To use the camera and microphone, we need to add the necessary permissions to our app's Info.plist file.
Open the Info.plist file and add the following keys and descriptions:
- Privacy - Camera Usage Description: "Camera access is required to share your video during the WWDC watch party."
- Privacy - Microphone Usage Description: "Microphone access is required to share your audio during the WWDC watch party."
Your Info.plist file should look like this:
<key>NSCameraUsageDescription</key>
<string>Camera access is required to share your video during the WWDC watch party.</string>
<key>NSMicrophoneUsageDescription</key>
<string>Microphone access is required to share your audio during the WWDC watch party.</string>
When the watch party app requests these permissions, the specified descriptions are displayed to the user, providing them with clarity on how the permissions will be used building trust and transparency between the app and the participants.
Implementing Basic WWDC Watch Party Functionality
A "session room" is a virtual space where users can join and watch WWDC sessions together in real-time.
Just like how each WWDC session has its own unique ID, you will want to create a distinct ID for the corresponding watch party room.
To model a session in your app, you can create a Session
struct that encapsulates these properties.

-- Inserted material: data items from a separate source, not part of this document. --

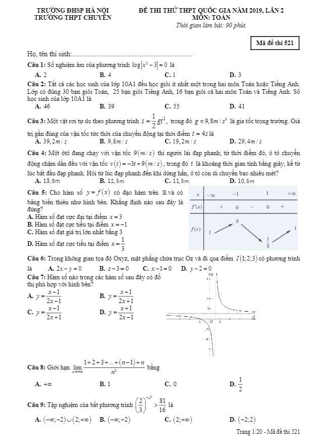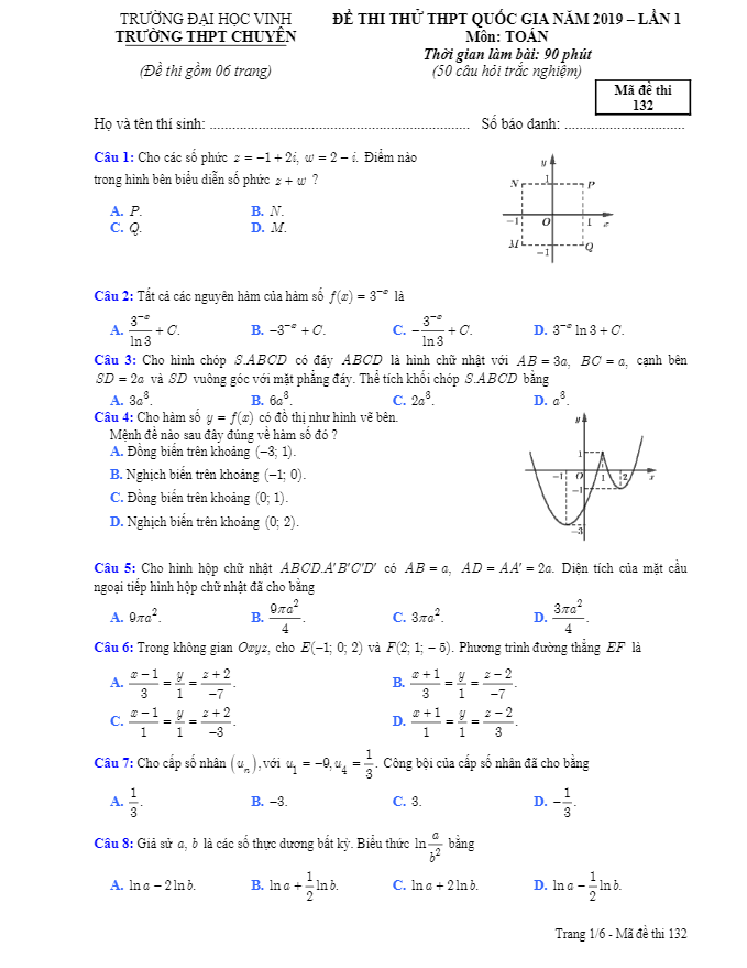 Đề thi thử Toán THPT Quốc gia 2019 lần 1 trường THPT chuyên Đại học Vinh – Nghệ An
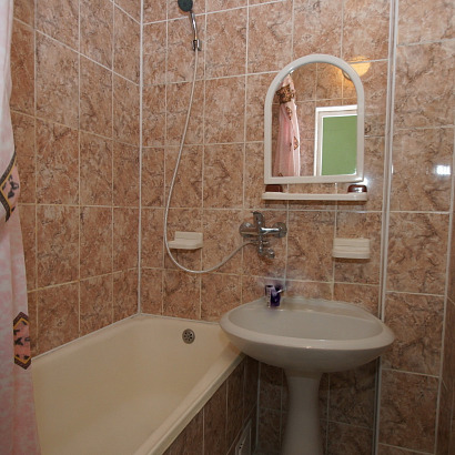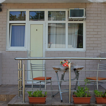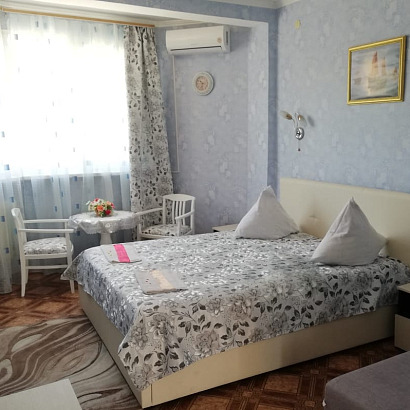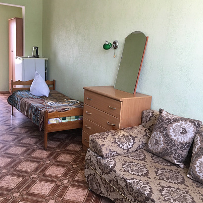3-х местный номер с удобствами: двуспальная кровать, кресло-кровать, комод, стол, тумбочка, чайник, телевизор, холодильник, кондиционер, санузел и душ раздельно.
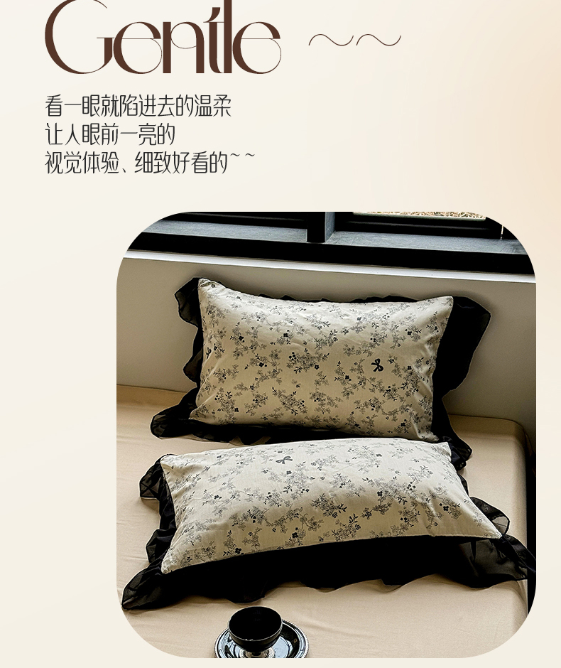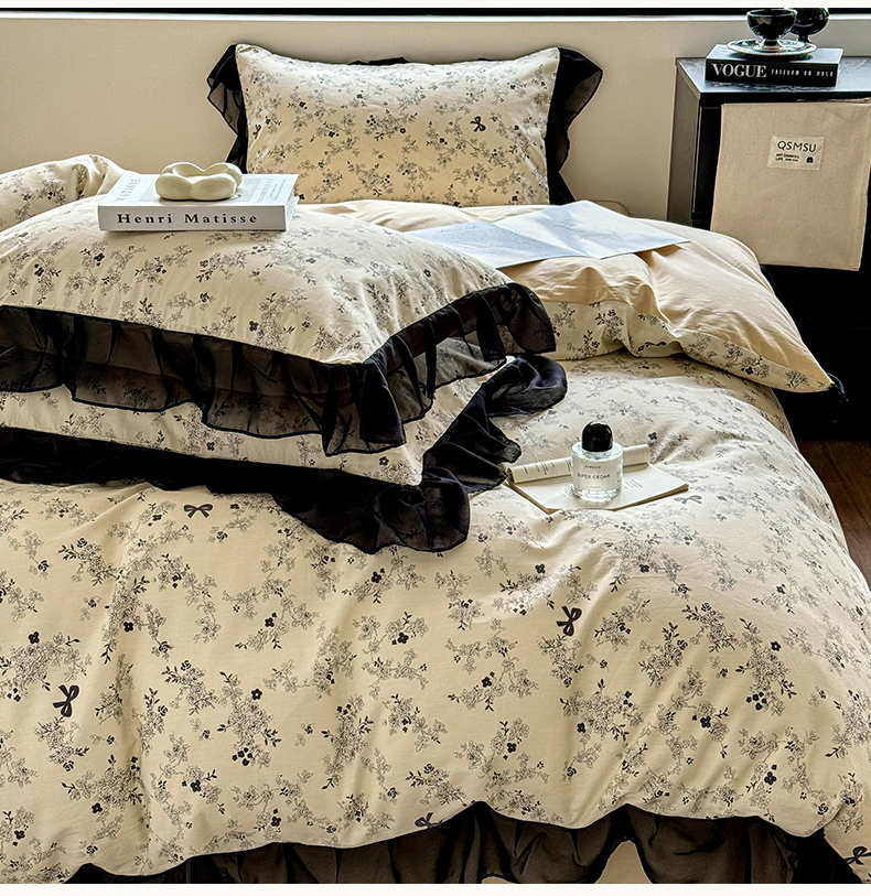 床品套件 > 宅家居 2025新款爆款轻法式赫本风复古印花13372纯棉四件套韩式黑色花边40支全棉三件套 蝴蝶结

Here is how you define the Session
struct:
struct Session: Identifiable {
let id: Int
let title: String
let videoURL: URL
let thumbnailURL: URL
}
To provide sample data for testing, you can create an extension on the [Session]
array that defines a static property called sampleSessions
. This property will hold an array of predefined Session
instances:
extension [Session] {
static let sampleSessions: Self = [
Session(
id: 101,
title: "WWDC 2023 Keynote",
videoURL: URL(string: "https://events-delivery.apple.com/0105cftwpxxsfrpdwklppzjhjocakrsk/m3u8/vod_index-PQsoJoECcKHTYzphNkXohHsQWACugmET.m3u8")!,
thumbnailURL: URL(string: "https://i.ytimg.com/vi/GYkq9Rgoj8E/hq720.jpg?sqp=-oaymwEXCNAFEJQDSFryq4qpAwkIARUAAIhCGAE=&rs=AOn4CLAI0BvhdevIRJS89JD9YnXlbsh20w")!
),
Session(
id: 10072,
title: "Principles of spatial design",
videoURL: URL(string: "https://devstreaming-cdn.apple.com/videos/wwdc/2023/10072/5/C43DFF91-F057-43E1-891F-41E6D5C01716/cmaf.m3u8")!,
thumbnailURL: URL(string: "https://i.ytimg.com/vi/Q1aJy1Hwjp8/hqdefault.jpg?sqp=-oaymwEjCNACELwBSFryq4qpAxUIARUAAAAAGAElAADIQj0AgKJDeAE=&rs=AOn4CLBydTO2C6nUmnN4X_zC66dH8QW2FQ")!
),
Session(
id: 10109,
title: "Meet SwiftUI for spatial computing",
videoURL: URL(string: "https://devstreaming-cdn.apple.com/videos/wwdc/2023/10109/4/F4A066BD-28D9-4CF8-AAF3-D35EA776504F/cmaf.m3u8")!,
thumbnailURL: URL(string: "https://i.ytimg.com/vi/HEE8qjXQYPc/hqdefault.jpg?sqp=-oaymwEjCNACELwBSFryq4qpAxUIARUAAAAAGAElAADIQj0AgKJDeAE=&rs=AOn4CLClaHmeXbjjIGD7Q5qazy1516u4PA")!
)
]
}
In this example, three sample sessions are defined: the WWDC 2023 Keynote, Principles of spatial design, and Meet SwiftUI for spatial computing. Each session is initialized with its corresponding id
, title
, videoURL
, and thumbnailURL
.
Now that you have a model for representing sessions and sample data to work with, you can create a SessionsView
to display the list of available WWDC sessions :
import SwiftUI
struct SessionsView: View {
let sessions: [Session]
var body: some View {
NavigationStack {
ScrollView {
LazyVStack {
ForEach(sessions) { session in
NavigationLink(destination: SessionDetailView(session: session)) {
VStack {
AsyncImage(url: session.thumbnailURL) { image in
image
.resizable()
.aspectRatio(contentMode: .fit)
.cornerRadius(12)
} placeholder: {
ProgressView()
}
Text(session.title)
.font(.headline)
.multilineTextAlignment(.center)
}
}
.buttonStyle(.plain)
}
}
.padding()
}
.navigationTitle("WWDC Sessions")
}
}
}
#Preview("SessionsView") {
SessionsView(sessions: .sampleSessions)
}
This view uses a LazyVGrid
to display the sessions in a grid format, with each session showing a play icon and its title. Tapping on a session navigates to the SessionDetailView
for that specific session.
Playing a WWDC Session Video
You will need to fetch the video URL of the desired WWDC session. You can achieve this by maintaining a predefined list of session URLs within your app.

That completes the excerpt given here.